Поднялся Василь и рассказал, какие обязательства берут на себя колхозники «Воли».
Он долго и подробно говорил о том, что сделано и что будет делаться в колхозе, для того чтобы вырастить богатый урожай.
Слушали его по-разному: большинство добродеевцев — внимательно, с интересом; из других колхозов кое-кто — с ироническими, недоверчивыми усмешками. Особенно скептически улыбался председатель колхоза Радник. А Маша вообще почти не слушала: её одолевали свои думы.
«А мы? Что скажем мы? Неужто так и промолчим? — Она вглядывалась в лицо Максима, стараясь угадать его мысли, но лицо его было неподвижно — он внимательно слушал, лишь изредка утирая платком лоб. — Неужели мы не способны вырастить такой же урожай, как в «Воле»? Разве у нас не одинаковая земля? Разве не так же светит у нас солнце и льет дождь? Нет, выступлю и скажу от своей бригады. Мы тоже можем вырастить такой урожай. А если?… — В душной комнате ей на мгновение стало холодно от этой мысли. — Если не сможем?.. Значит, я обману партийное собрание… Может, лучше промолчать? Если б это зависело только от меня, я бы ночей не спала… А то в бригаде шестьдесят трудоспособных, люди разные, по-разному относятся к работе. Нет, люди хорошие. Разве не об этом самом говорили они на последнем собрании бригады? Все сходились на том, что нужно бороться за такой урожай, как в «Воле». Нет, люди поддержат…»
Маша опомнилась от аплодисментов. Оглянувшись, она увидела добрую застенчивую улыбку Василя и тоже стала громко, по-детски широко разводя руки, хлопать. Она радовалась за Василя, глаза её сияли.

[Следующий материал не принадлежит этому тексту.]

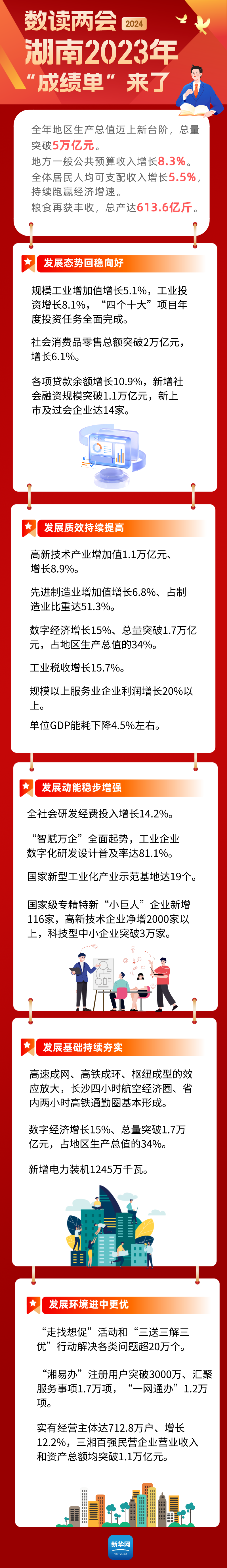 1月24日,湖南省第十四届人民代表大会第二次会议开幕,省长毛伟明代表省人民政府作工作报告。2023年湖南省多措并举稳定经济增长、标志工程引领“三个高地”建设、集成发力强化发展支撑、持之以恒巩固“三农”地位、优势互补促进区域发展、想方设法增进民生福祉、有力有效维护社会安定、忠诚担当提高政府效能等八个方面的工作,交出了亮点满满的“成绩单”。

За окном сорвался ветер, сильно ударил в железную крышу. В стекла будто кто-то сыпанул горохом; шариками живого серебра покатились по стеклу капли дождя.
— Дождь?! — удивленно и радостно зашептал народ. Маша встрепенулась, оторвалась от своих мыслей. «Дождь!»
— До утра, пожалуй, весь снег смоет, — произнес кто-то из стариков.
«Вот она и пришла — весна», — подумала Маша, и все её колебания, все сомнения вдруг исчезли. Маша решительно попросила слова.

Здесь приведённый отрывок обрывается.